The vision of a new Israel

The anti-intellectualism of the early socialist Zionist movement derived in part from the glorification of the worker culture that was flourishing in Russia in the late-19th century/early-20th century. The other source of the anti-intellectualism was the antipathy the secular Russian Jews had to the over-ripe scholasticism of the traditional rabbinic leadership. The Diaspora had evolved a brand of religious scholasticism that was onerous to the activism of the youthful Russian political agitator. Zionism was propelled in no small part by those young, Jewish agitators. It was the generation gap that spawned a nation, and it centered on Jewish work as labor for the glory of the working class. 

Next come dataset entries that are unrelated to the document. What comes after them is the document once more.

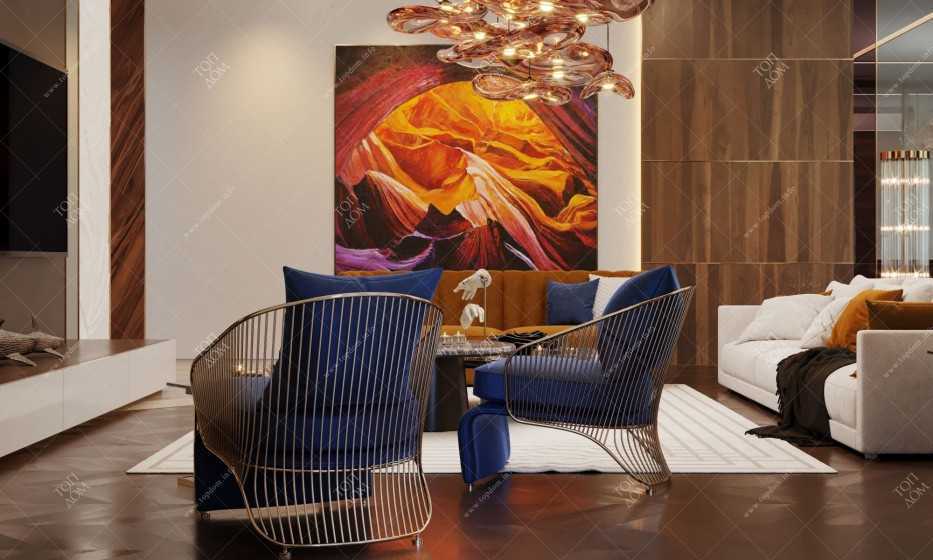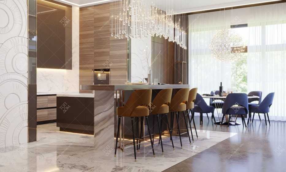 Разработанный под ключ современный двухэтажный дом получил не только привлекательный экстерьер, но и интерьерное оформление в том же ключе. Нарядная бело-коричневая палитра дерева, мрамора и штукатурки создает удачный фон для насыщенных акцентов – синих, горничных, оранжевых, изумрудных.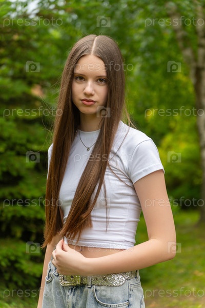 Красивая молодая девушка с длинными темно-блондинскими волосами, одетая в широкие джинсы и короткий белый верхний цвет, позирует непринужденно в солнечном летнем парке вокруг зелени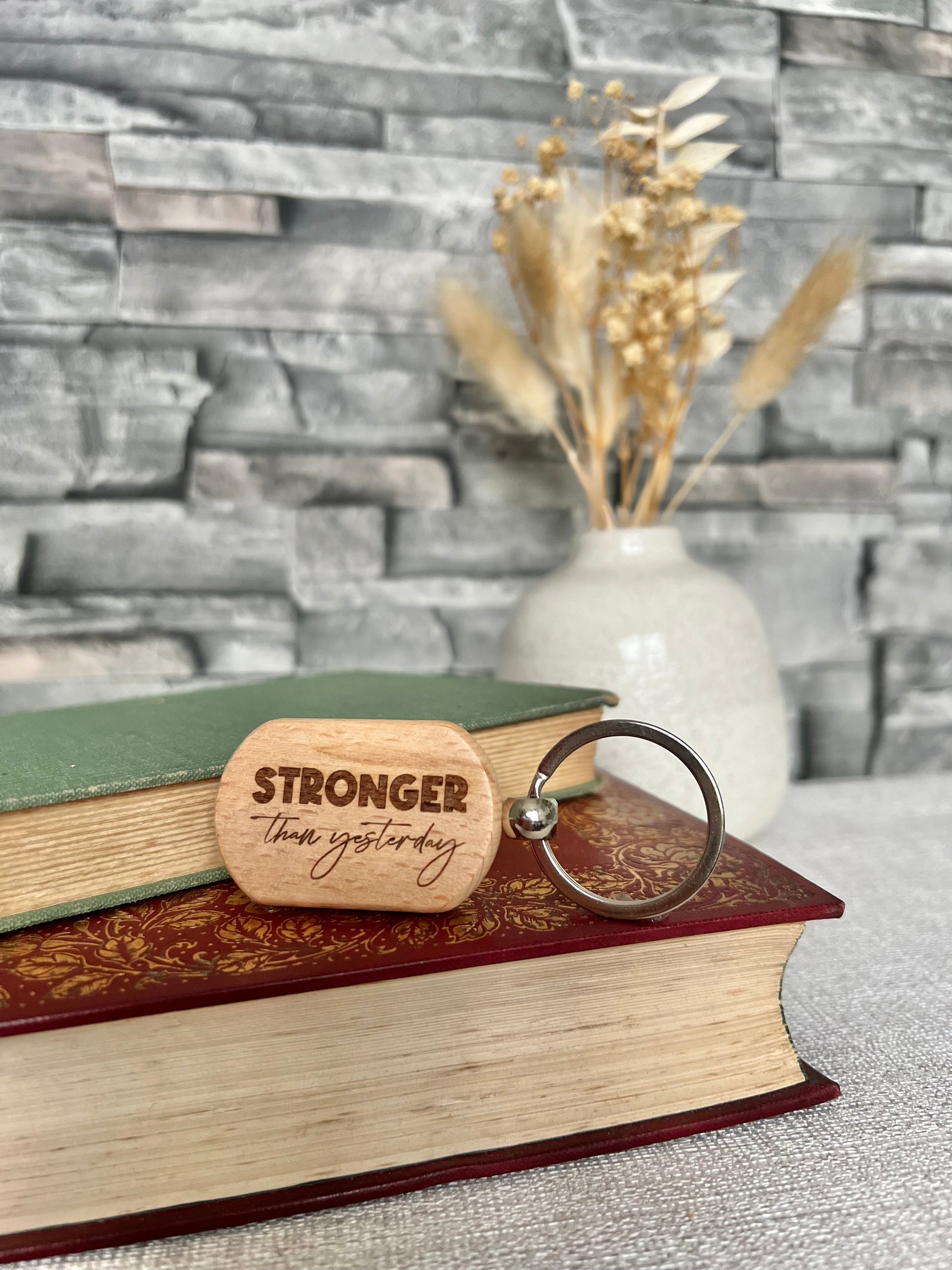 Stronger than yesterday engraved keyring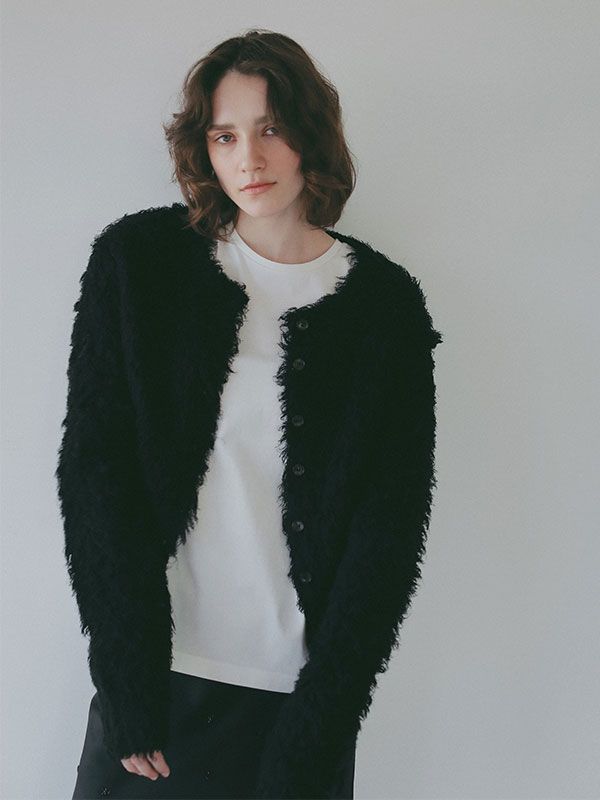 フェザーヤーンニットカーディガン (BLACK)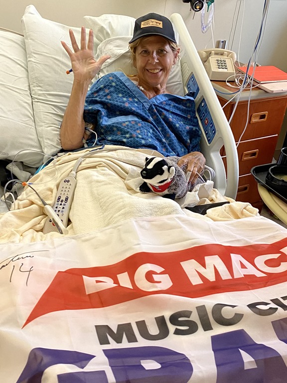 When I arrived here yesterday morning, I told her that we had just learned she was totally ruled out for the weekend – so release her seat if she needs to. She was very concerned about Susan, and said ‘Let me give you something to take back to her”. She reached under her desk and pulled out a large Music City Grand Prix flag that had been signed by Santino Ferrucci – her favorite driver (even though we are not supposed to have favorites). I took the flag to her this morning. She asked that the flag be spread out at the foot of her hospital bed, for when she watches the race later today. By the way, she is still doing great, and they will most likely release her on Monday.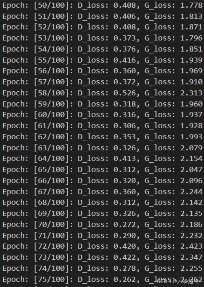 # 将当前轮次的判别器和生成器的平均损失保存到列表中
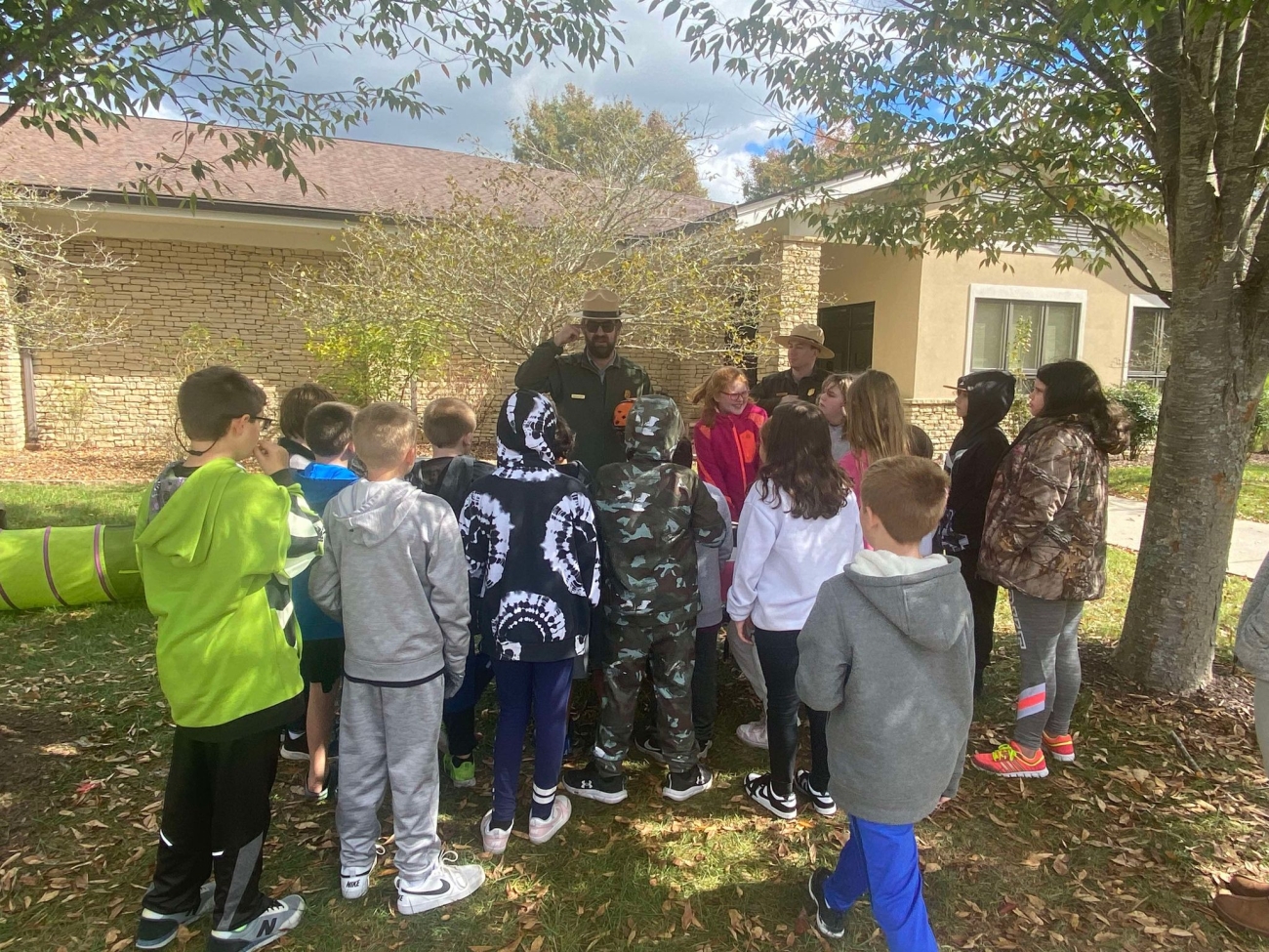 Students at the 2024 Outdoor Adventure Day at Wolf Creek National Fish Hatchery learning about Mammoth Cave.

Had the young, socialist, early Zionists known how to appreciate the biblical regime they would have respected the balance between ruling class and ruled class the teachings of Moshe tries to promote as the centerpiece of the national project of God's chosen people in the Promised Land. Instead, the Labor Zionists at the time believed in the triumph of the working class and the withering away of the ruling class – a utopian dream that became a nightmare in Russia and a bureaucratic mess in Palestine, now Israel. 
Today's Israeli youth have the luxury of being able to think about the responsibilities of an Israeli government and an Israeli economy. Work is still important but not merely manual labor. Any sort of creative enterprise is what the people in the Promised Land need to promote. Rulers and ruled struggling together under the guidance of a divine authority to carve out a nation that serves the values of civil society, of dignity, and of reverence in a posture of stewardship and humility – that could be the vision of a new Israel.